API (Application Programming Interface)
A standardized interface that allows software systems to communicate. In AI, APIs let your applications send prompts to a model and receive generated responses programmatically.

C

Chunking
The process of splitting large documents into smaller, overlapping segments before generating embeddings. Chunk size and overlap strategy directly affect retrieval quality in RAG systems.
Context Window
The maximum amount of text (measured in tokens) a model can process in a single request. Larger context windows allow more information but increase cost and latency.

E

Embeddings
Numerical representations (vectors) of text that capture semantic meaning.

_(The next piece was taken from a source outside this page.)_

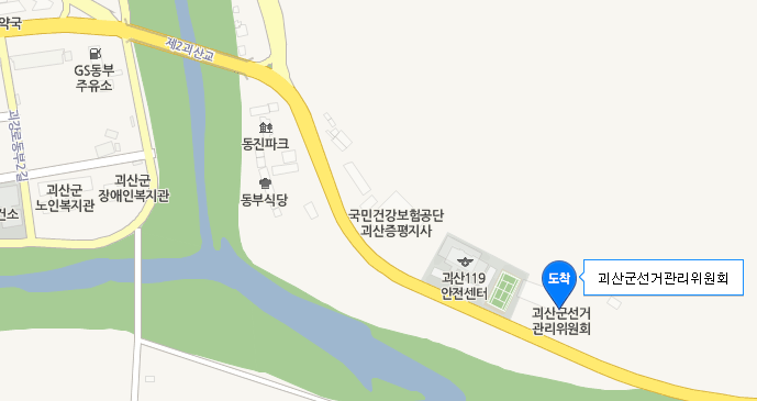 - 시계탑사거리에서 우회전후 800m 직진 후 좌회전 10m 앞 괴산군선거관리위원회
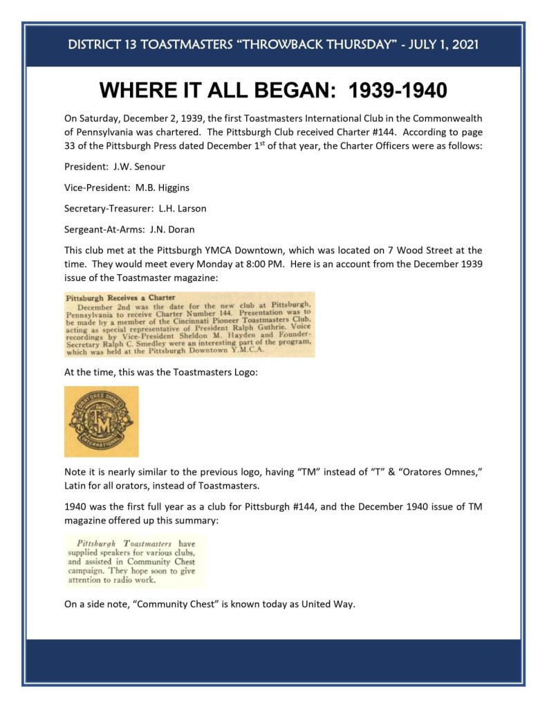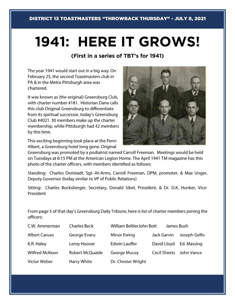 Recently, our friend and Distinguished Toastmaster Dana Mitnik became the District Historian and heβs come up with some amazing factoids about District 13 that he has been sharing on the D13 Facebook page. Here is his latest and it tells us that there was another Greensburg club in the early days of Toastmasters.

Similar concepts produce vectors that are close together, enabling machines to understand relationships between words, sentences, or documents.

F

Fine-Tuning
The process of further training a pre-trained model on a specific dataset to specialize its behavior for a particular domain or task, such as banking compliance language.
Foundation Model
A large AI model trained on broad data that can be adapted to many tasks. Examples include GPT-4, Claude, and Gemini. Banks evaluate these for capabilities, safety, and regulatory fit.

G

Guardrails
Safety mechanisms that constrain AI model outputs to prevent harmful, off-topic, or non-compliant responses. Critical in banking for regulatory adherence and brand safety.

H

Hallucination
When an AI model generates plausible-sounding but factually incorrect information. A critical risk in banking where inaccurate outputs could lead to regulatory violations or financial losses.

I

Inference
The process of running a trained model to generate predictions or outputs from new input data. Inference cost, latency, and throughput are key factors in enterprise AI deployment.

L

Large Language Model (LLM)
A neural network trained on vast amounts of text data that can understand and generate human language. LLMs power chatbots, document analysis, code generation, and many enterprise AI applications.

M

Model Risk Management
The regulatory framework (OCC SR 11-7) governing how banks validate, monitor, and control AI models. Ensures models perform as expected and risks are identified and mitigated.

O

Orchestration Framework
Software that coordinates LLMs, tools, and data sources into complex workflows. Frameworks like LangChain and LangGraph manage prompt chains, memory, and tool calling for multi-step AI tasks.

P

Prompt Engineering
The practice of crafting effective instructions (prompts) to guide AI model behavior. Techniques include few-shot examples, chain-of-thought reasoning, and role-based system instructions.

R

Retrieval-Augmented Generation (RAG)
A pattern that combines document retrieval with LLM generation. The system searches a knowledge base for relevant context, then feeds it to the model to produce grounded, accurate answers.

S

System Instructions
Persistent instructions provided to an LLM that define its role, behavior constraints, and output format. System instructions shape every response without being visible to end users.

T

Temperature
A parameter controlling the randomness of model outputs. Lower temperature (0.0-0.3) produces focused, deterministic responses; higher temperature (0.7-1.0) produces more creative, varied outputs.
Tokens
The basic units of text that LLMs process. A token is roughly 3/4 of an English word. Token counts determine cost, speed, and context window limits for every API call.
Transformer
The neural network architecture underlying modern LLMs. Transformers use self-attention mechanisms to process relationships between all parts of the input simultaneously, enabling powerful language understanding.

V

Vector Database
A specialized database optimized for storing and querying high-dimensional vectors (embeddings). Enables fast similarity search across millions of documents for RAG and recommendation systems.

Z

Zero-Shot / Few-Shot Learning
The ability of LLMs to perform tasks with no examples (zero-shot) or just a few examples (few-shot) provided in the prompt, without requiring model retraining.